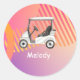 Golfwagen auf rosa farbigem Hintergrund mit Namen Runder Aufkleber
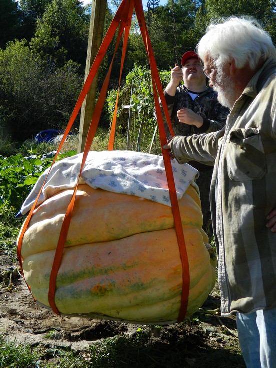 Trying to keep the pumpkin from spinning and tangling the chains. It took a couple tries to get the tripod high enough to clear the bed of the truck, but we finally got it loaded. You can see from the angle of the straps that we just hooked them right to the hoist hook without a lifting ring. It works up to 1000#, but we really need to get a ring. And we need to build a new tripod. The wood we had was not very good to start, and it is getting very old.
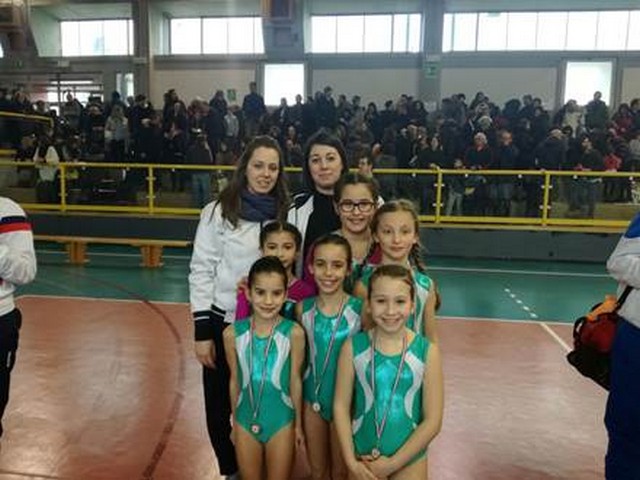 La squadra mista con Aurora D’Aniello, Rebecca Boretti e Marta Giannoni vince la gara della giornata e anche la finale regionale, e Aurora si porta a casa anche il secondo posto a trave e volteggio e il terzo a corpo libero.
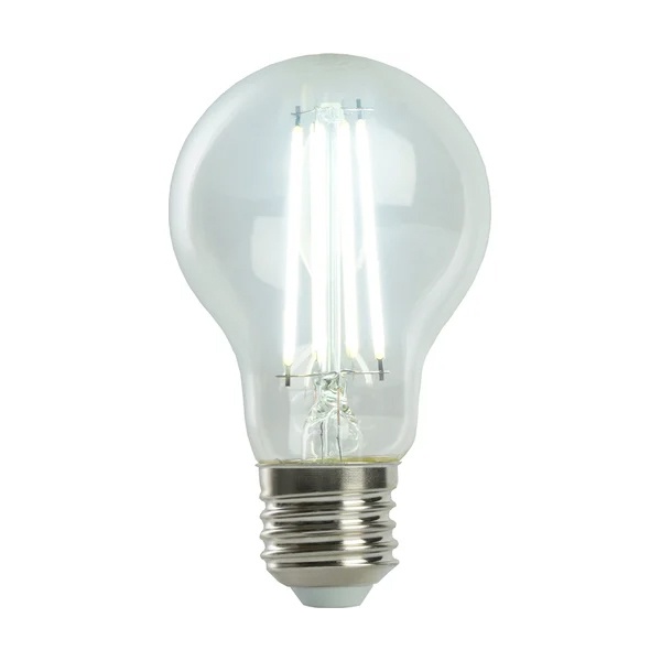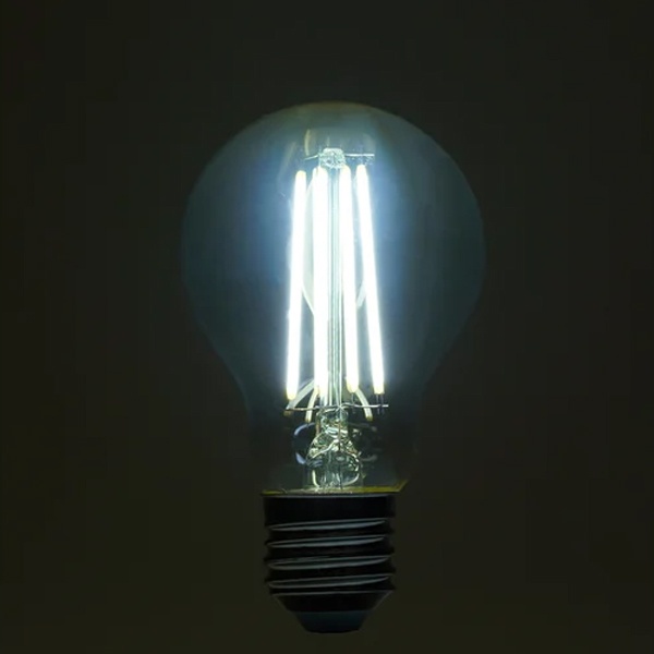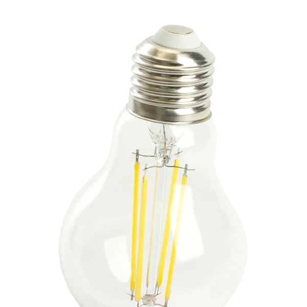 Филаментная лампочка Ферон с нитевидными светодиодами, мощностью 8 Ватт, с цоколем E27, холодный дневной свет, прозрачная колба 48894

■ TASK TO COMPLETE:
Lines from the one containing "La squadra mista" through the end of the listing, both included, are to be restated exactly, and pictures are to be left out.

■ EXERCISE OUTPUT:
 La squadra mista con Aurora D’Aniello, Rebecca Boretti e Marta Giannoni vince la gara della giornata e anche la finale regionale, e Aurora si porta a casa anche il secondo posto a trave e volteggio e il terzo a corpo libero.
 Филаментная лампочка Ферон с нитевидными светодиодами, мощностью 8 Ватт, с цоколем E27, холодный дневной свет, прозрачная колба 48894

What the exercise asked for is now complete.